Actually, after the Custom Resource Terraform object is updated (only input vars are changed, no change to the Terraform module), the correct TF update message is shown up in the object. For example:

    - lastTransitionTime: '2023-08-22T15:18:36Z'
      message: >

        Terraform used the selected providers to generate the following
        execution

        plan. Resource actions are indicated with the following symbols:
          ~ update in-place

        Terraform will perform the following actions:

          # module.kafka_topic["test"].confluent_kafka_topic.kafka_topic will be updated in-place
          ~ resource "confluent_kafka_topic" "kafka_topic" {
              ~ config           = {
                  + "cleanup.policy" = "compact"
                  + "segment.ms"     = "604900000"
                }
                id               = "Kafka-id"
                # (2 unchanged attributes hidden)

                # (1 unchanged block hidden)
            }

        Plan: 0 to add, 1 to change, 0 to destroy. 

The plan is good, just want to know how to apply this update. As I said, there is no new plan ID for this update.

@tao-zhang-shell
Copy link
Author

Hi @chanwit, I did more tests and found some interesting behaviours.

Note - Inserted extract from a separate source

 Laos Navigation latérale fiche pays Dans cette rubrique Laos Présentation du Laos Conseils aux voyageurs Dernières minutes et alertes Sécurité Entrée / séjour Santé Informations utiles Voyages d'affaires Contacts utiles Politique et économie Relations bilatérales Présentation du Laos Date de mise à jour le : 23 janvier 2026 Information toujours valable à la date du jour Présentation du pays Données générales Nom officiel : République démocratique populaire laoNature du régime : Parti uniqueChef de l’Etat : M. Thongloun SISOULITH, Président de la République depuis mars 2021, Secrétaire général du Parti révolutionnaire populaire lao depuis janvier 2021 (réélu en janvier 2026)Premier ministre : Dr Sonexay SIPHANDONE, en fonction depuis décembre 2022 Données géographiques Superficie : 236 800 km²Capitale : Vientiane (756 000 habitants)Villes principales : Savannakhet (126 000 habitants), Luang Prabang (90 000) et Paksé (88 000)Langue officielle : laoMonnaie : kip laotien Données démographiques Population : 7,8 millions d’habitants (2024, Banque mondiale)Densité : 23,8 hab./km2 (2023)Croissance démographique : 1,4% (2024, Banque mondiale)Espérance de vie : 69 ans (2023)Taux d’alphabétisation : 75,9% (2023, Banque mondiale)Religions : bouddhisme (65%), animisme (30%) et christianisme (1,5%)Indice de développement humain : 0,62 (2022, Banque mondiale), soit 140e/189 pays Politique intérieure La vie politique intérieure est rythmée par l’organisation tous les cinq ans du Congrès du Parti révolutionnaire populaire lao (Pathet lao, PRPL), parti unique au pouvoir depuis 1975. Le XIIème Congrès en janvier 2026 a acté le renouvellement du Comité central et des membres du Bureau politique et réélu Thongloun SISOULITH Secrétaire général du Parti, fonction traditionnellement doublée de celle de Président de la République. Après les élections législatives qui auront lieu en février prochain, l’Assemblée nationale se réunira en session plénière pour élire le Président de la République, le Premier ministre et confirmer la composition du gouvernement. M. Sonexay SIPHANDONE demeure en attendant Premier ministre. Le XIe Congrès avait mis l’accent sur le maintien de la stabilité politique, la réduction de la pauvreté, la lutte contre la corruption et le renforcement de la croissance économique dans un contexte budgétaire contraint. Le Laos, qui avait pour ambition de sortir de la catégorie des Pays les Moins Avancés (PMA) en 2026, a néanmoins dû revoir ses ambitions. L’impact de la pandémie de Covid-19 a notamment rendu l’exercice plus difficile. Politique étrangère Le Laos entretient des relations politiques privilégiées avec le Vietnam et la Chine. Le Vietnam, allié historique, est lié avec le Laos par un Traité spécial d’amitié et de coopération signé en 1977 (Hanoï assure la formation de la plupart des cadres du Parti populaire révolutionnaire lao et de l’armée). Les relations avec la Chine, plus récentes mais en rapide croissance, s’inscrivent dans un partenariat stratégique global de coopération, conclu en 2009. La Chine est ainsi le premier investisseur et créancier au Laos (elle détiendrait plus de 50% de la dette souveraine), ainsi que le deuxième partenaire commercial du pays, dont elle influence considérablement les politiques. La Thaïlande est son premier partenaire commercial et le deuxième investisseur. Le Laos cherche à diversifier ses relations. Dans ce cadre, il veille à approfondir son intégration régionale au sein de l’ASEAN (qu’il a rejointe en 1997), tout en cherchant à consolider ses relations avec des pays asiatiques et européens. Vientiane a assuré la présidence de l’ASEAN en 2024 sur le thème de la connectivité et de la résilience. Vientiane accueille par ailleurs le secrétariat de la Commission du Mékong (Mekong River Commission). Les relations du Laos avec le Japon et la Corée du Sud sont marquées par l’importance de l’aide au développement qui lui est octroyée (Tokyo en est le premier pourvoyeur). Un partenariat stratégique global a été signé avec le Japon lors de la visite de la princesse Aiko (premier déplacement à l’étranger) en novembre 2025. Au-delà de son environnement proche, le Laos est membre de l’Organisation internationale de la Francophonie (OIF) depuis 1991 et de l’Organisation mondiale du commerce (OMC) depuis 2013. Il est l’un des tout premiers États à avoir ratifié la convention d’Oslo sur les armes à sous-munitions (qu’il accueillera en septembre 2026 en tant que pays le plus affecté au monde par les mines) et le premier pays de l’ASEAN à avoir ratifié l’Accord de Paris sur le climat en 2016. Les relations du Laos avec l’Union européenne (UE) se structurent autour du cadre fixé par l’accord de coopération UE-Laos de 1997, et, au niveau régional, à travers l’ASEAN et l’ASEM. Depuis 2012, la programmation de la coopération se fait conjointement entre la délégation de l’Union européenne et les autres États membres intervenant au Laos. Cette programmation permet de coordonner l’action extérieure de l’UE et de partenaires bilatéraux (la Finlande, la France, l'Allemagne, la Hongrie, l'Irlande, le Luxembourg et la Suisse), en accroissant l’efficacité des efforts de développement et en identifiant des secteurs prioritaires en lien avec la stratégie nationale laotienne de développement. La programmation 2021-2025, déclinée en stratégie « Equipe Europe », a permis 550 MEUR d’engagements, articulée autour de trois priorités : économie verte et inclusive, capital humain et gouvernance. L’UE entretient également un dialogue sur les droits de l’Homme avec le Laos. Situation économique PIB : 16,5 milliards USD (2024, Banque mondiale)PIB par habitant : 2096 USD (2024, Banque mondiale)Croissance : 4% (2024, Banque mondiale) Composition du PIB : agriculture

Two scenarios:

  • No change to the TF module which is referenced at sourceRef field in Terraform object, only change to the values of input variables

    As I commented above, no new plan ID is created. But the message shows the correct update. In the meantime, the plan output is not updated in Kubernetes secret or config map (if human readable plan is enabled)

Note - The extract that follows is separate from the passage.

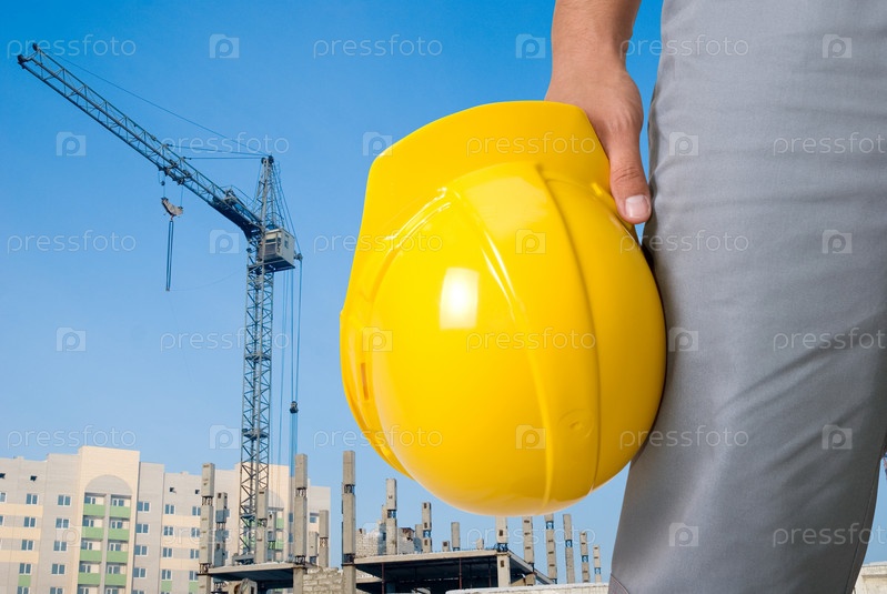 Каска в руке строителя на фоне строящегося дома

  • A dummy new commit (no actual change) to TF module, and also change the input variables values in Terraform object

    Now I see the new plan ID in the message of Terraform object, just like the first initial plan. A new plan output is generated as a Kubernetes secret or config map.

    If I patch the Terraform object with the new plan ID, everything works as expected.

      conditions:
        - lastTransitionTime: '2023-08-23T09:20:05Z'
          message: >-
            Plan generated: set approvePlan:
            "plan-main@sha1:7b59ac3655fd9376ffbf7445b64e2a76cd9a1403" to approve
            this plan.
          reason: TerraformPlannedWithChanges
          status: Unknown
          type: Ready
    

    Also, you can see the plan ID changed, which is based on the TF module commit SHA.

      plan:
        isDriftDetectionPlan: true
        lastApplied: plan-main@sha1:025855416738fee530ea8a733e48c686fff0e525
        pending: plan-main@sha1:7b59ac3655fd9376ffbf7445b64e2a76cd9a1403
    

Here is my guess. The new plan ID is re-generated only when the referenced TF module has some change. This of course makes sense. But if the values of input variables change, the new plan ID should be re-generated as well. Then it might not be good to use the TF module commit hash to form the plan ID.

@chanwit
Copy link
Collaborator

chanwit commented Aug 23, 2023

But if the values of input variables change, the new plan ID should be re-generated as well. Then it might not be good to use the TF module commit hash to form the plan ID.

In the current design, a plan ID is computed from a Git commit, yes.
Maybe we need to come up with other ways to compute plan ids. For example, adding object generation as suffixes, etc.

@chanwit chanwit changed the title How to approve an updated TF plan Plan Id computation from commit hash causes a bug when the Terraform CR is changed (was: How to approve an updated TF plan) Aug 23, 2023
@tao-zhang-shell
Copy link
Author

Hi @chanwit,

I can apply the example at https://github.com/tf-controller/branch-planner-demo successfully when I manually approve the plan with the plan ID. But when I change the value of subject from default World to new-world and redeploy this Terraform object(via kubectl apply -f ), there is no new plan ID generated. Then I have no way to apply this change.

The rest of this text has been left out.